To create an input netCDF, use the `make_all_input_files()` function from the `input` module.
This function has no required arguments, however it is a good idea to pass in `output_dir`, the name of the subdirectory that will be created under the `inputfiles` directory where the netCDF and corresponding `input_metadata.json` file are stored. 
The `input_metadata.json` file contains a dictionary that is build in the process of creating the input file which contains an overview of what the netCDF contains.
If you are working with multiple different input files, the `input_metadata.json` files offer a quick way to check which file you might want to use, whether it might span a different set of years, contain a different set of variables, or use different data sources.

By default, the `make_all_input_files()` function will add all the data from 2005 through 2020 from the data sources described above associated with NOₓ, including variables for Stage 2 training. 
However, you can pass keyword arguments to change the behavior in many ways.

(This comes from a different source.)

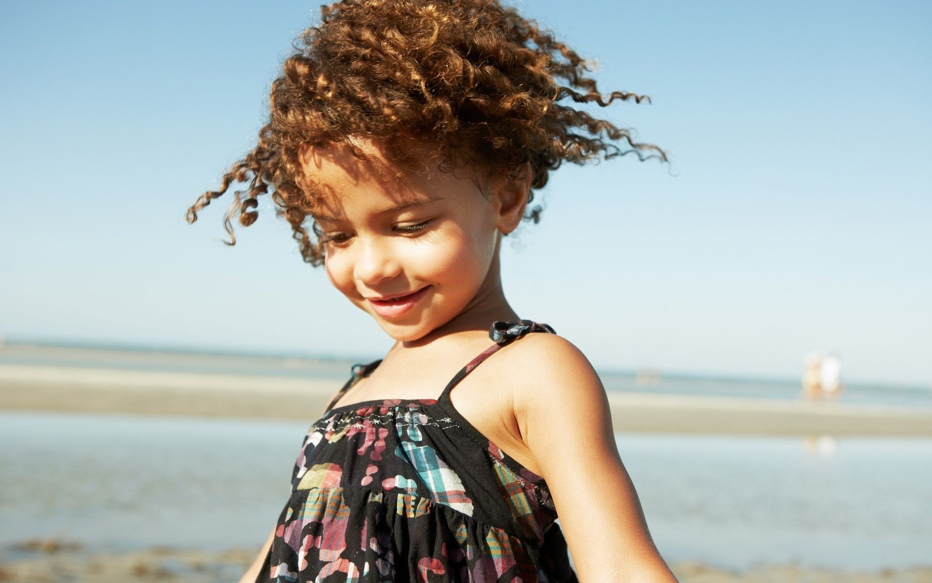 Die prinzessin des sommers ist ein lockiges mädchen am strand am meerDie Prinzessin des Sommers ist ein lockiges Mädchen am Strand am Meer

Note that it takes a long time, approximately an hour **<ins>on Animus</ins>**, to create an input netCDF, as can be seen by the timing information in the output below.
This is largely due to the process of creating the Stage 2 data variables which involves a nested for-loop. 
Because there is presently little need to create many input files rapidly, I have not optimized this part of the code. 

```python
from unox.input import make_all_input_files

make_all_input_files(
    output_dir='no2_2005-2020',
)
```
```console
Note: It may take around an hour to generate all input files.
Creating y input data...
	Creating y input data for nox in 2005...
	Creating y input data for nox in 2006...
	Creating y input data for nox in 2007...
	Creating y input data for nox in 2008...
	Creating y input data for nox in 2009...
	Creating y input data for nox in 2010...
	Creating y input data for nox in 2011...
	Creating y input data for nox in 2012...
	Creating y input data for nox in 2013...
	Creating y input data for nox in 2014...
	Creating y input data for nox in 2015...
	Creating y input data for nox in 2016...
	Creating y input data for nox in 2017...
	Creating y input data for nox in 2018...
	Creating y input data for nox in 2019...
	Creating y input data for nox in 2020...
Concatenating the y datasets
Saving y inputs to inputfiles/no2_2005-2020/no2_2005-2020.nc
Creating x input data...
	Creating x input file for 2005...
	Creating x input file for 2006...
	Creating x input file for 2007...
	Creating x input file for 2008...
	Creating x input file for 2009...
	Creating x input file for 2010...
	Creating x input file for 2011...
	Creating x input file for 2012...
	Creating x input file for 2013...
	Creating x input file for 2014...
	Adding stage 2 data for no2 in 2014
	Function 'fill_w_insitu' execution time: 0:06:42.550980
	Creating x input file for 2015...
	Adding stage 2 data for no2 in 2015
	Function 'fill_w_insitu' execution time: 0:06:58.153890
	Creating x input file for 2016...
	Adding stage 2 data for no2 in 2016
	Function 'fill_w_insitu' execution time: 0:07:04.098303
	Creating x input file for 2017...
	Adding stage 2 data for no2 in 2017
	Function 'fill_w_insitu' execution time: 0:06:56.500722
	Creating x input file for 2018...
	Adding stage 2 data for no2 in 2018
	Function 'fill_w_insitu' execution time: 0:07:04.373900
	Creating x input file for 2019...
	Adding stage 2 data for no2 in 2019
	Function 'fill_w_insitu' execution time: 0:07:05.905807
	Creating x input file for 2020...
	Adding stage 2 data for no2 in 2020
	Function 'fill_w_insitu' execution time: 0:07:14.309329
Concatenating the x datasets
Saving x inputs to inputfiles/no2_2005-2020/no2_2005-2020.nc
Sorting the dataset by time.
Sorting the y data by time.
Completed making all input files.
	Function 'make_all_input_files' execution time: 1:10:13.798157
```

Note that, in the process of making an input file, all instances of February 29th are dropped using the method `convert_calendar('noleap')`.
This is to make the years all the same length.

Once an input file has been created, you can now go through the {doc}`Workflow <../docs_dev/workflow>` of setting up a run on Animus, transferring that to Trillium, running the U-net model, and bringing the result back to Animus for analysis.